DESCRIPTION OF THE TASK>
Look through the listing below for the line containing "Kuultovalkoinen kerrossänky patja". Copy it and each line after it up to and including the line containing "(本站訊 一夫2014年9月", exactly, leaving out pictures.

SOURCE MATERIAL>
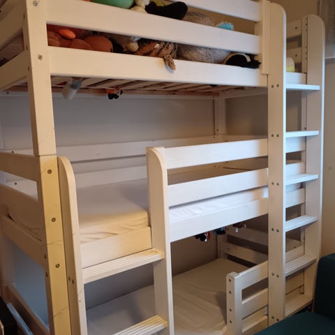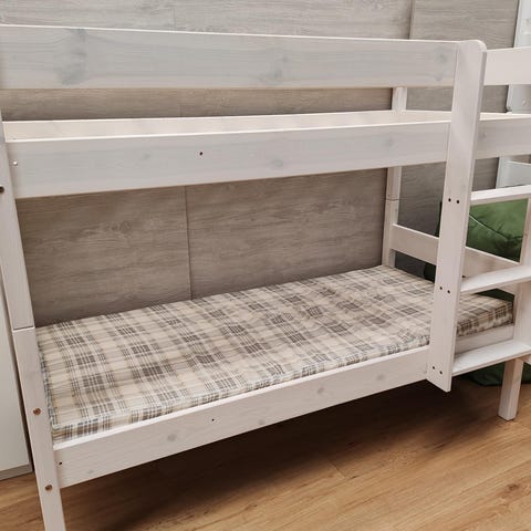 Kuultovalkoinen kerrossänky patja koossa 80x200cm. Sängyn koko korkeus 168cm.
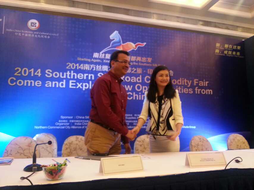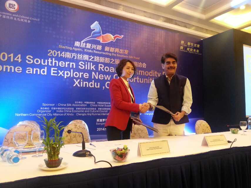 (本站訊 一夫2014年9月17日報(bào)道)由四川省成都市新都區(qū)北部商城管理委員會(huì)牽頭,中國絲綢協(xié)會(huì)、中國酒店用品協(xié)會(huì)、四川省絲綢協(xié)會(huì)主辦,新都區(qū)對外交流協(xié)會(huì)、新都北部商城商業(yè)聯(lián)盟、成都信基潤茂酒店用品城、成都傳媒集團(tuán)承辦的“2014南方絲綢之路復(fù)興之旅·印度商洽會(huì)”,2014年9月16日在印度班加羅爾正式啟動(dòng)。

...

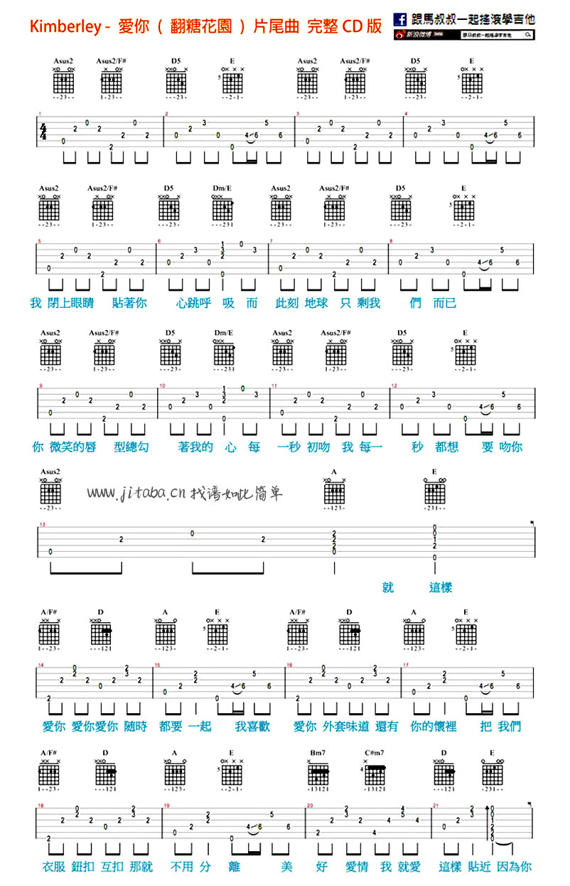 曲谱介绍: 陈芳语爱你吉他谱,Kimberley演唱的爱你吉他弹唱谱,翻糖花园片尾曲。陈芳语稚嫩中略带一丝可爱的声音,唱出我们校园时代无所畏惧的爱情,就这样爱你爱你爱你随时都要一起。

TASK OUTPUT>
 Kuultovalkoinen kerrossänky patja koossa 80x200cm. Sängyn koko korkeus 168cm.
 (本站訊 一夫2014年9月17日報(bào)道)由四川省成都市新都區(qū)北部商城管理委員會(huì)牽頭,中國絲綢協(xié)會(huì)、中國酒店用品協(xié)會(huì)、四川省絲綢協(xié)會(huì)主辦,新都區(qū)對外交流協(xié)會(huì)、新都北部商城商業(yè)聯(lián)盟、成都信基潤茂酒店用品城、成都傳媒集團(tuán)承辦的“2014南方絲綢之路復(fù)興之旅·印度商洽會(huì)”,2014年9月16日在印度班加羅爾正式啟動(dòng)。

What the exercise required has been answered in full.